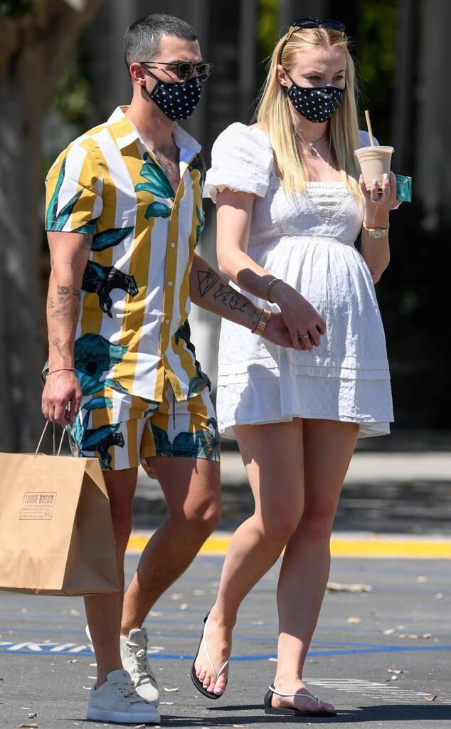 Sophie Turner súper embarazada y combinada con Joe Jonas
* * *
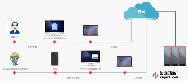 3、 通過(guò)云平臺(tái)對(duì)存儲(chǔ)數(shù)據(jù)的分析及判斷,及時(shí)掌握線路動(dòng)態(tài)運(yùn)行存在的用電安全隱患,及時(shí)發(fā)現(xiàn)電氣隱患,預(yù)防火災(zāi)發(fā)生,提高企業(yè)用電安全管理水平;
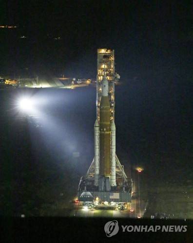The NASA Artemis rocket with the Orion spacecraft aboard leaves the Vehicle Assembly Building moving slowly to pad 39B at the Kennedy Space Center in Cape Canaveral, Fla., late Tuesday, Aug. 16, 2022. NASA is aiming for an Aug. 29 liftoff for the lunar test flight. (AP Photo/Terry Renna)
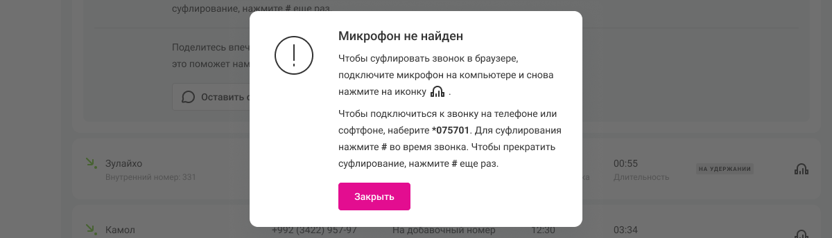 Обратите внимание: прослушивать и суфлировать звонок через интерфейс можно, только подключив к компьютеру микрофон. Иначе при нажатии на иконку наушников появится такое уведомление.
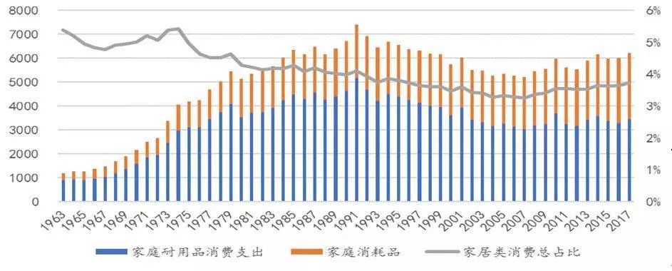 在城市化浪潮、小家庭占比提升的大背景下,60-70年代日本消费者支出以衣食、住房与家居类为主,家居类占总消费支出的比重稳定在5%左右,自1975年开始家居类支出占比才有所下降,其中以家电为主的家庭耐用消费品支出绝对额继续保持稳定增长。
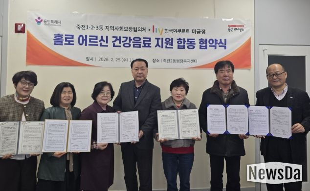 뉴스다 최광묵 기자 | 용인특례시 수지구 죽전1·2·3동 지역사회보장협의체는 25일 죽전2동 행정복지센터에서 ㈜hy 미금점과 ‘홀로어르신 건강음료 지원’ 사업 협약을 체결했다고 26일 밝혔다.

EXERCISE BRIEF: Would you set down only the lines above from the line with "在城市化浪潮、小家庭占比提升" to the line with "뉴스다 최광묵 기자 |", both included, exactly as they stand and without the pictures?

ANSWER TO THIS PROBLEM:
 在城市化浪潮、小家庭占比提升的大背景下,60-70年代日本消费者支出以衣食、住房与家居类为主,家居类占总消费支出的比重稳定在5%左右,自1975年开始家居类支出占比才有所下降,其中以家电为主的家庭耐用消费品支出绝对额继续保持稳定增长。
 뉴스다 최광묵 기자 | 용인특례시 수지구 죽전1·2·3동 지역사회보장협의체는 25일 죽전2동 행정복지센터에서 ㈜hy 미금점과 ‘홀로어르신 건강음료 지원’ 사업 협약을 체결했다고 26일 밝혔다.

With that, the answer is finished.